Manhattan U.S. Attorney Geoffrey Berman said: “The campaign of cultural plunder that the Nazis directed against millions of innocent Jews was sadistic and unjust. That is why restitution in this case is more than returning a material good, but restoring a physical part of lost heritage. After nearly 80 years of being lost, this painting has been found and we are returning it to the Schloss family.”

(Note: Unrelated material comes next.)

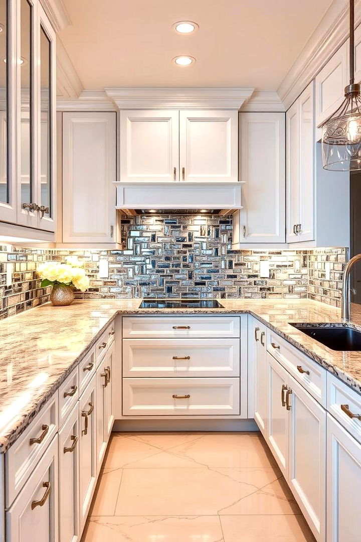 Mirrored backsplash tiles introduce an element of luxury and modern flair into your kitchen. Their reflective surfaces provide an illusion of added space by bouncing light around the room, harmonizing beautifully with white cabinets and granite countertops. This design not only brings a sparkle to your walls but also elevates the overall ambiance, making the space feel larger and more dynamic. The mirrored artistry pairs well with contemporary kitchen decor, enhancing depth and visual appeal. With practical cleaning attributes and a sophisticated finish, this design choice delivers both style and functionality in perfect balance.

During World War II, the Nazis created a division known as the Einsatzstab Reichleiter Rosenberg (the “ERR”) in order to “study” Jewish life and culture as part of the Nazis’ propagandist mission against the Jews. Principally, the ERR confiscated artworks and other cultural holdings of “the enemies of the Reich” on a massive scale, and registered and identified those artworks – even photographing them – thereby leaving behind a detailed record of the works that they stole. ERR records and photographs of art and cultural artifacts looted by the Nazis are digitized and available in an online database created by the Conference on Jewish Material Claims Against Germany, and this database includes a photograph of the Painting taken by the ERR during World War II.
Upon the outbreak of World War II in 1939, the Schloss heirs moved the Schloss Collection from Paris to Chateau de Chambon, a township in Southern France, in an attempt to protect the collection from looting by the Nazis. Due to its value and significance, the ERR made substantial efforts to locate and loot the Schloss Collection. In 1943, the Schloss Collection was ultimately looted by the ERR from its holding place in Chateau de Chambon. The Nazis took 262 paintings from the Schloss Collection, including the Painting, and transported them to a depot located at the Jeu de Paume, a prewar museum in Paris that was operated by the ERR during the war. Ultimately, the Painting was selected by the Nazis to be transported to the the “Führerbau,” Hitler’s headquarters in Munich, from where it and many other paintings disappeared in the aftermath of the war.
The Painting resurfaced in November 2017, when a Chilean private collector (the “Consignor”) attempted to sell the painting through a New York-based auction house. When the Painting arrived in New York from Chile, it was determined that it was the same Painting that came from the Schloss collection and had been looted by the Nazis. When the Consignor was informed of this, the Consignor stated that her father had purchased the Painting from Walter Andreas Hofer in Munich in 1952. Hofer was Hermann Göring’s chief purchasing agent and as such was a key player in the confiscation and looting of Jewish art collections during the Nazi era. In 1950, after being tried in absentia by a French military tribunal for his role in art plundering during World War II, Hofer was found guilty and sentenced to 10 years in prison.
The United States Attorney’s office filed a complaint seeking civil forfeiture of the painting on October 19, 2018, and Judge George B. Daniels entered a judgment of forfeiture on March 11, 2019. The United States today returns the painting to the Schloss heirs, and welcomes two members of the family to New York to accept the painting.
Mr. Berman thanked the FBI’s Art Crime Team for their assistance.
The case is being handled by the Office’s Money Laundering and Transnational Criminal Enterprises Unit. Assistant U.S. Attorney Thane Rehn is in charge of the case.